» Problem description: Everything in the entries except the pictures must be repeated exactly.

# # #

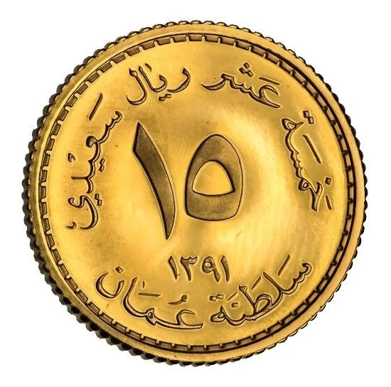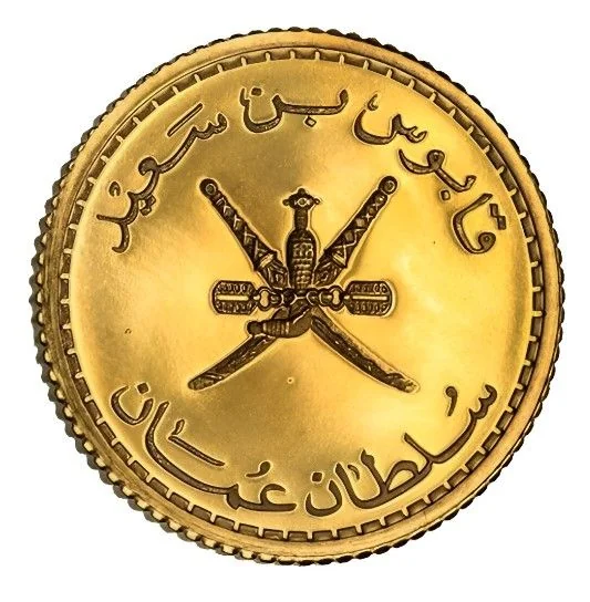 Oman's emblem: a sheathed khanjar over crossed swords, with "Sultan Qaboos bin Said" inscribed.
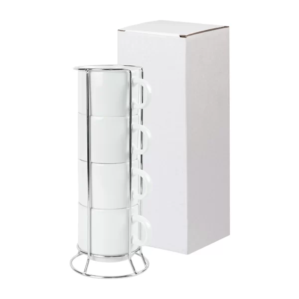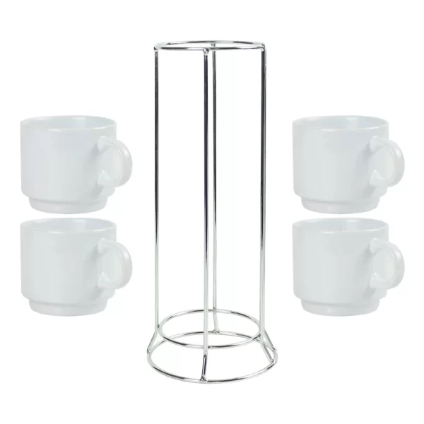 Ceramic Coffee Cups Set 4Pcs in Silver Metal Rack
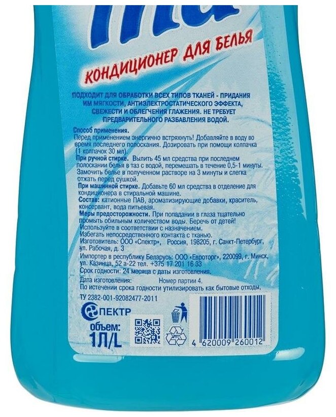 Кондиционер для белья Перина, морозная свежесть,1000 мл.
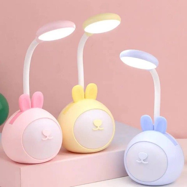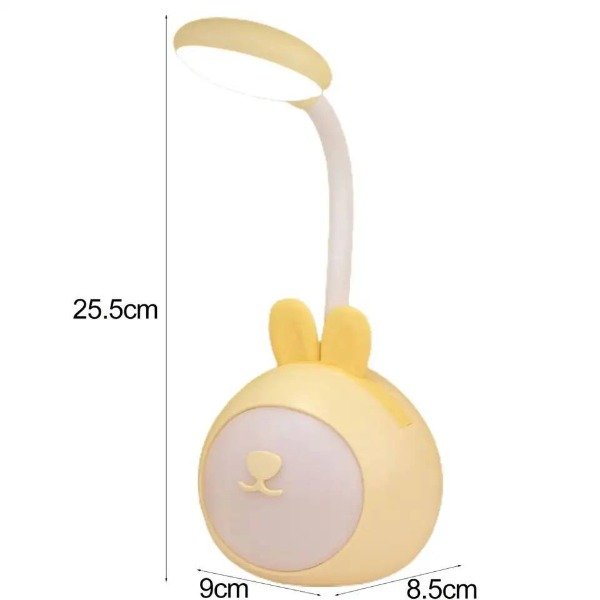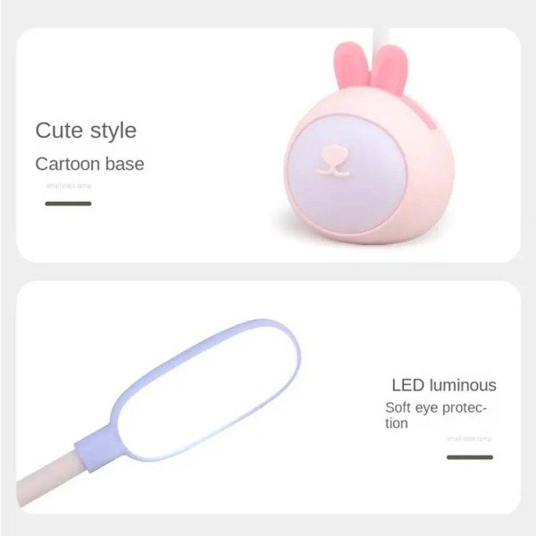 Lampara led, base diseño de animalitos. El brazo flexible permite ajustar a cualquier ángulo y se mantiene rígido. Práctico sistema recargable (no necesita estar enchufada al momento de usar, cable USB incluido
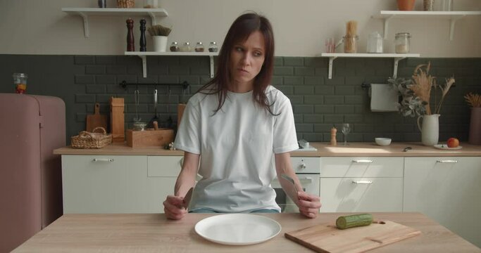 Woman sitting at table, looking sad and bored with diet not wanting to eat slice of cucumber. Healthy nutrition and dieting eating
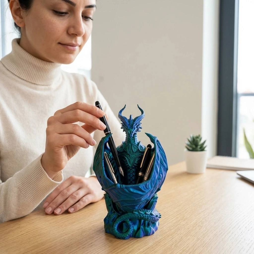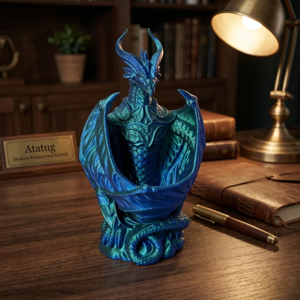 Masanızın yeni koruyucusu ile tanışın! Wyrmrest Masa Arkadaşı, sadece bir kalemlik değil, 3D baskı teknolojisinin zarafetle buluştuğu bir sanat eseridir. Kanatlarının arasında kalemlerinizi güvenle taşıyan bu ejderha, masanızdaki dağınıklığı toplarken estetik bir duruş sergiler.
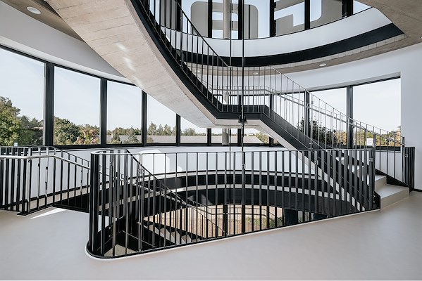The building’s heating and cooling systems only use renewable energy and thermal component activation. A brine heat pump and a photovoltaic system have been installed in the building, and the company also purchases green electricity. The façade also plays a significant role in energy efficiency: its large expanse of glass helps save on electricity for lighting and on heating in winter; in summer, external blinds and slats fixed on the upper storey protect against high temperatures.
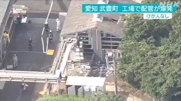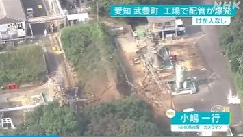 14日午後1時40分ごろ、武豊町の住民から「爆発音がした」と通報があり、消防が駆けつけたところ、化学メーカー「日油」の武豊工場で配管が爆発していたのが確認できたということです。

# # #

» Output:
 Oman's emblem: a sheathed khanjar over crossed swords, with "Sultan Qaboos bin Said" inscribed.
 Ceramic Coffee Cups Set 4Pcs in Silver Metal Rack
 Кондиционер для белья Перина, морозная свежесть,1000 мл.
 Lampara led, base diseño de animalitos. El brazo flexible permite ajustar a cualquier ángulo y se mantiene rígido. Práctico sistema recargable (no necesita estar enchufada al momento de usar, cable USB incluido
 Woman sitting at table, looking sad and bored with diet not wanting to eat slice of cucumber. Healthy nutrition and dieting eating
 Masanızın yeni koruyucusu ile tanışın! Wyrmrest Masa Arkadaşı, sadece bir kalemlik değil, 3D baskı teknolojisinin zarafetle buluştuğu bir sanat eseridir. Kanatlarının arasında kalemlerinizi güvenle taşıyan bu ejderha, masanızdaki dağınıklığı toplarken estetik bir duruş sergiler.
The building’s heating and cooling systems only use renewable energy and thermal component activation. A brine heat pump and a photovoltaic system have been installed in the building, and the company also purchases green electricity. The façade also plays a significant role in energy efficiency: its large expanse of glass helps save on electricity for lighting and on heating in winter; in summer, external blinds and slats fixed on the upper storey protect against high temperatures.
 14日午後1時40分ごろ、武豊町の住民から「爆発音がした」と通報があり、消防が駆けつけたところ、化学メーカー「日油」の武豊工場で配管が爆発していたのが確認できたということです。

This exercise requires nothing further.